Da TuttoScuola.com – 24/07/2013 – Per l’obbligatorietà dell’introduzione dei libri digitali a scuola si va verso un ulteriore slittamento, all’anno scolastico 2015-2016. È quanto riferisce il quotidiano La Repubblica, riportando, virgolettate, le dichiarazioni del ministro dell’Istruzione in carica, Maria Chiara Carrozza, agli editori, incontrati a metà della settimana scorsa: “Fermiamo tutto, l’accelerazione impressa all’introduzione dei libri digitali è stata eccessiva, voglio prendere in mano la questione ed esaminarla a fondo. Deponete le armi”.
Questo slittamento si aggiungerebbe al precedente, che aveva visto l’allora ministro Profumo, il 26 marzo scorso, rimandare l’adozione dei libri digitali dal settembre 2013 al settembre 2014.
Le rassicurazioni del ministro Carrozza sono da ricollegarsi, almeno in parte, al ricorso promosso al Tar dagli editori contro il decreto Profumo, per il timore di un crollo delle vendite dei libri cartacei, che assorbono un quinto delle vendite totali di libri in Italia.
La volontà del ministro è dunque quella di evitare a viale Trastevere nuovi contenziosi al Miur, che peraltro non ha ancora spiegato se alla frenata sui testi digitali corrisponderà lo sblocco del tetto sui costi imposti da Profumo alle aziende (con risparmi per le famiglie dal 20 al 30 per cento).
Con questo slittamento, gli editori tirano un grande sospiro di sollievo, evitando di dover mandare al macero tonnellate di carta stampata.
La questione di fondo tuttavia è di portata enorme: per effetto di questo slittamento, se confermato, gli editori sono incoraggiati a non adattarsi ai nuovi modelli di business e a perseguirne di parassitari; in un Paese come l’Italia, che ha nel deficit digitale uno dei suoi (tanti) problemi, “l’accelerazione impressa all’introduzione dei libri digitali” non è “eccessiva” per definizione, e tanto più nel mondo della scuola che dovrebbe fare da traino verso la digitalizzazione.

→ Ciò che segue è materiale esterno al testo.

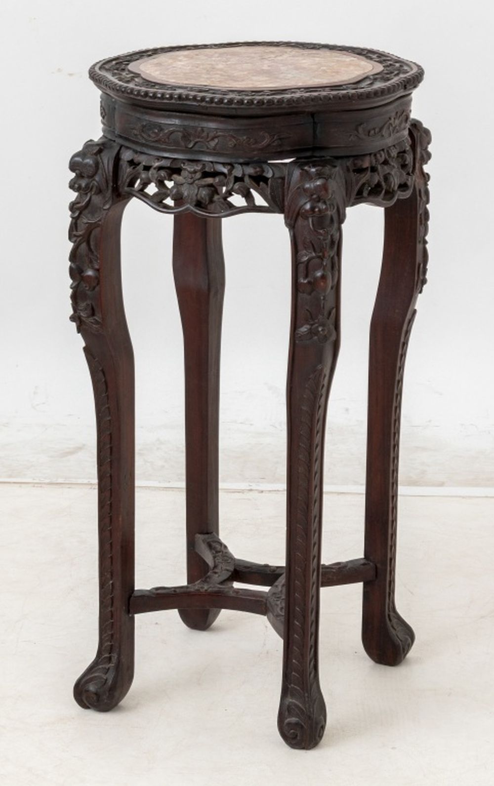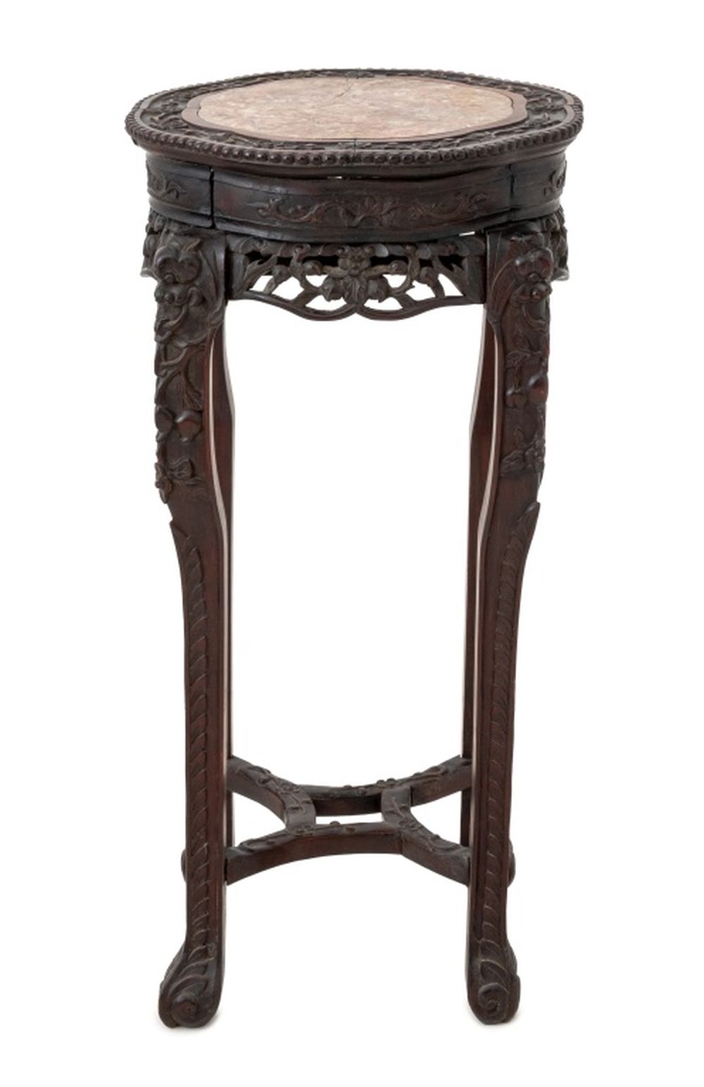 Chinese Carved Hardwood and Marble Pedestal Table, late 19th century, the lobed inset marble top with carved border and frieze, on four tall scrolled legs joined by stretcher. 36" H x 14.5" W x 14.5" D. Keywords: Asian Arts, Antique Furniture, Lamp table, Side Table, Display stand, Sculpture gallery, Plant stand, Specimen Marble, Interior Decor, Decorative Arts

Infine, resta il dubbio che il ministro, come per l’istituzione dei Percorsi Abilitanti Speciali in cui ebbe come unici interlocutori i sindacati (e non, per esempio, i corsisti del Tfa ordinario o le rappresentanze degli studenti universitari), anche in questo caso abbia scelto come unici interlocutori quelli sbagliati. Oltre agli editori, non poteva essere utile confrontarsi anche con i rappresentanti dei genitori, che in questo periodo di crisi faticano ad arrivare a fine mese e hanno tutto l’interesse ad avere dei figli proiettati verso l’innovazione e le nuove tecnologie?
Insomma, è difficile non essere d’accordo con alcune delle conclusioni scritte da Guido Sforza nel suo blog sull’Espresso: “Se si rallenta il processo di digitalizzazione solo perché qualcuno rischia di rimetterci dei soldi, possiamo dire addio al futuro del Paese” e “Uno studente alfabetizzato in più vale ben qualche euro in meno nella tasca di un editore che, peraltro, se si ritrova in questa condizione lo deve, in buona misura, solo ed esclusivamente alla propria miopia ed alla pretesa di continuare a risparmiare sul futuro in danno dei suoi lettori”.